If we wanted this to implement SARSA instead, the only conceptual change would be in learn: we would pass the actual next action \(a_{t+1}\) into learn and update toward \(R_{t+1} + \gamma Q(s_{t+1}, a_{t+1})\) instead of using \(\max_{a'} Q(s_{t+1}, a')\). This is the learning curve of the cartpole environment showing the score as a function of episodes: Q-learning CartPole Learning Curve

Summary

  • Monte Carlo methods learn only after full episodes; TD methods learn every time step.
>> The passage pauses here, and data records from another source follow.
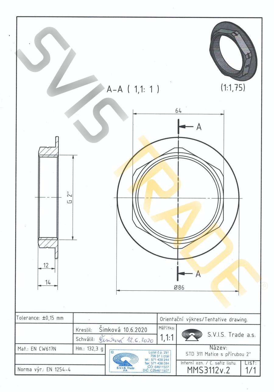 Mosazná matice s přírubou MM – 311 MMS - STANDARD. Vyrobeno dle EN 1254-4 závitová mosazná tvarovka – matice mosazná s přírubou s trubkovým válcovým závitem G vnitřním dle ISO 228-1. Bez povrchové úpravy.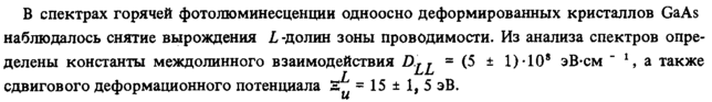 В спектрах горячей фотолюминесценции одноосно деформированных кристаллов GaAs наблюдалось снятие вырождения L -долин зоны проводимости. Из анализа спектров определены константы междолинного взаимодействия = (5 ± 1) -108 эВ-см а также сдвигового деформационного потенциала srfj = 15 ± 1, 5 эВ.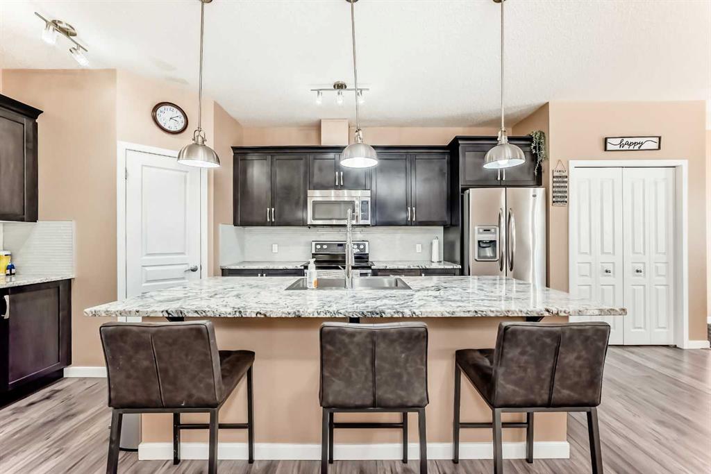 Price REDUCED!! **BRIGHT, BEAUTIFUL, WELL MAINTAINED HOME (5-Bedrooms + 3.5 Bath) with FULLY DEVELOPED BASEMENT w/ 2 BEDROOMS and OVERSIZED DOUBLE DETACHED GARAGE in the LAKE COMMUNITY OF AUBURN BAY** Welcome to this STUNNING home with over 2,445Sqft of living space - this highly sought-after floor plan is bursting with upgrades. Just few steps away from Auburn Bay lake, parks, walking paths, school and playgrounds. Main level consists of living room, separate den, dining area, powder room and a great size kitchen w/ walk-in-Pantry. The modern L-shaped kitchen offers a built-in microwave, large island with breakfast bar, stainless steel appliances and high ceiling. Take the staircase upstairs to find 3 large bedrooms with plenty of natural light + BONUS Room! The primary bedroom has a private balcony, 4 piece ensuite, and walk-in closet. Two more bedrooms, a full 3-pc bathroom and laundry room complete the upper level. Additional features include LVP FLOORING THROUGHOUT THE HOME including basement, upgraded lighting throughout, and granite countertops, NEW DISHWASHER (2025), NEW SAMSUNG WASHER/DRYER (2025) in a single unit, and among many others. This stunning home comes with a FULLY FINISHED basement with a good size recreation/family room with wet BAR, 2 bedrooms, a 3-piece bathroom, and an extra storage room. The West-facing Backyard is fully fenced, with a large deck and a private gazebo. This home is conveniently located just minutes away from lots of amenities including grocery stores, restaurants/pubs, shopping, schools and more. With quick access to 52nd Street, Stoney Trail, and Deerfoot – Making commuting a breeze. Don’t miss this opportunity to own a stunning home in a vibrant community! Call to book your showing today! *Some Photos are virtually staged.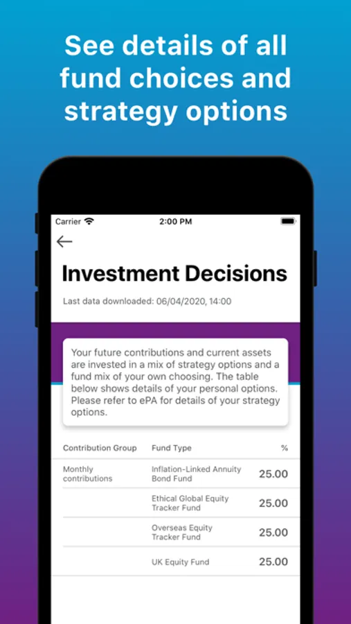 - View Investment Decisions - shows details of any personal fund choices and strategy options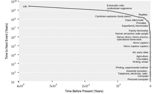 库兹韦尔画出的关键事件大致反映了编纂了最重要历史事件的参考书。当然,因为过去有一种趋势,并不意味着未来会延续下去。但是,在我看来,如果一种趋势已经在地球上存在了10亿年,那么至少它在未来20年发生的可能性是可预测的。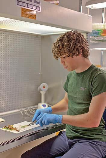 Above: Research Intern Cole Geissler has been learning the basics of plant tissue culture to support ongoing research and maintenance of laboratorybased projects. Here he can be seen cleaning and transferring cannas that will one day be on display in the Conservatory. Photo by Daniel Traub.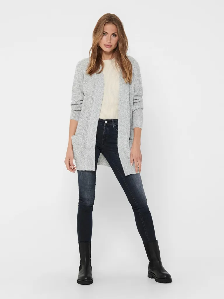 Cardigan von JDY- 2 offene Fronttaschen- Rippbündchen- Lockere Passform- Länge: 78 cm in Größe S- Das Model trägt Größe S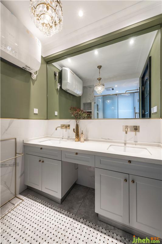 二樓的洗手間同樣實(shí)現(xiàn)了干濕分離,雙人洗手盆和浴缸的使用,都是保證生活舒適感的小細(xì)節(jié)。收納空間也必須要大,雙面六格壁龕加浴室柜,讓這里出現(xiàn)的物品都可以收納有序。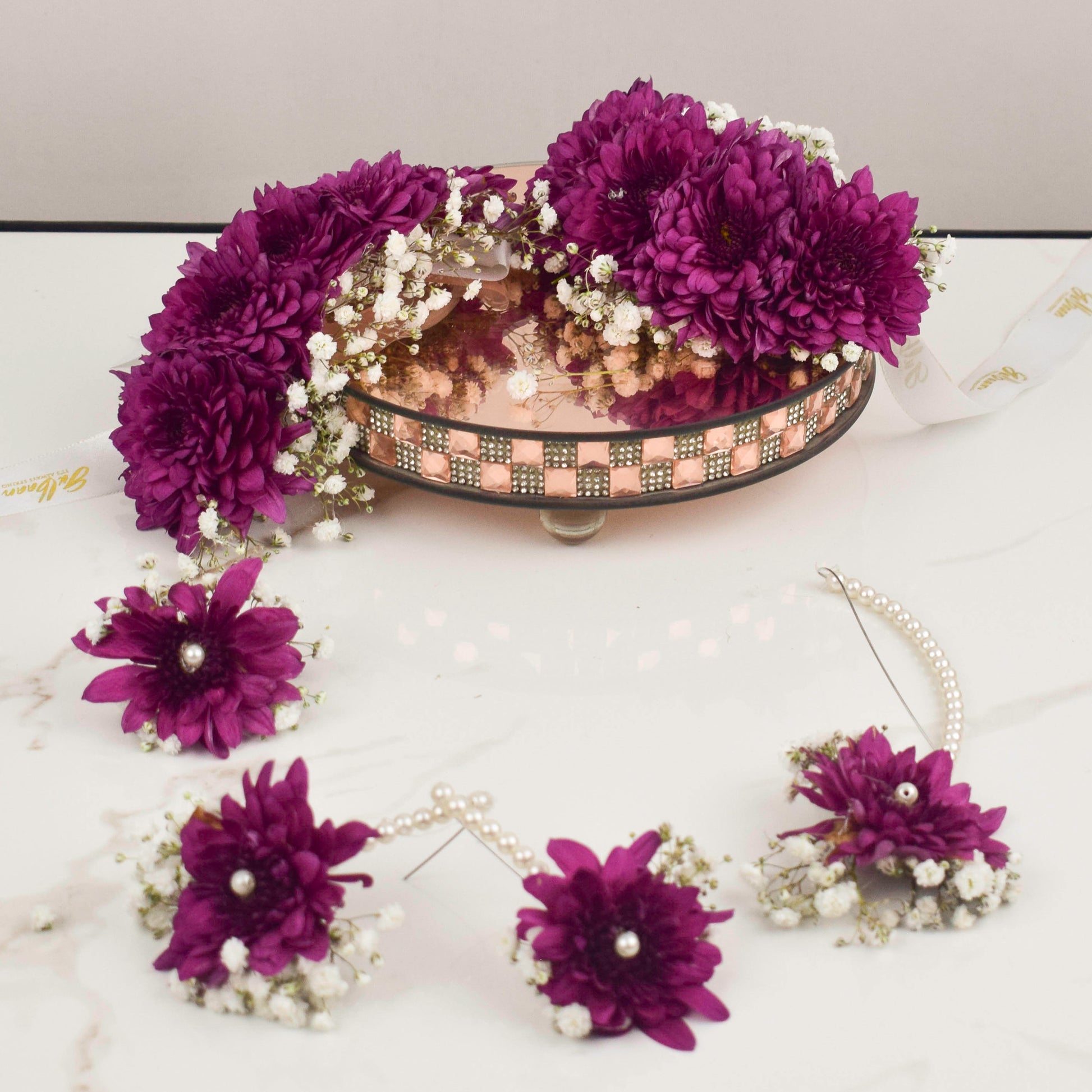 This vibrant and elegant floral jewelry set composed of magenta Chrysanthemums, perfectly complimenting serene-white baby’s breath and lustrous pearls is the ideal choice for your special day.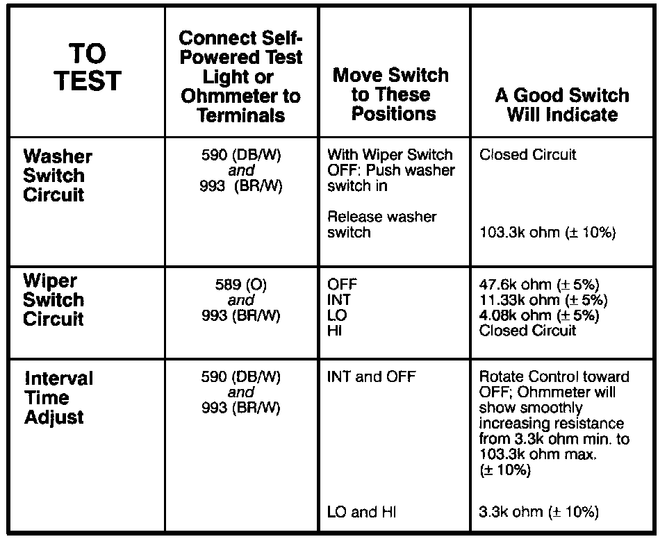 Multi-Function Switch - Schematic - Wiper/Washer Portion Of Multi-Function Switch:

  • SARSA is an on-policy TD control algorithm: $$Q(s_t,a_t) \leftarrow Q(s_t,a_t) + \alpha [R_{t+1} + \gamma Q(s_{t+1},a_{t+1}) - Q(s_t,a_t)].$$
  • Q-learning is an off-policy TD control algorithm and an “optimistic” variant: $$Q(s_t,a_t) \leftarrow Q(s_t,a_t) + \alpha [R_{t+1} + \gamma \max_{a'}Q(s_{t+1},a') - Q(s_t,a_t)].$$
  • Tabular Q-learning requires discrete states; we used a digitizer to approximate CartPole’s continuous dynamics with a finite MDP.
  • The Q-learning update is implemented in Agent.learn, directly matching the mathematical form.
From here, the natural next step is to replace the Q-table with a function approximator (e.g., a neural network), leading to Deep Q-Networks (DQN) and beyond.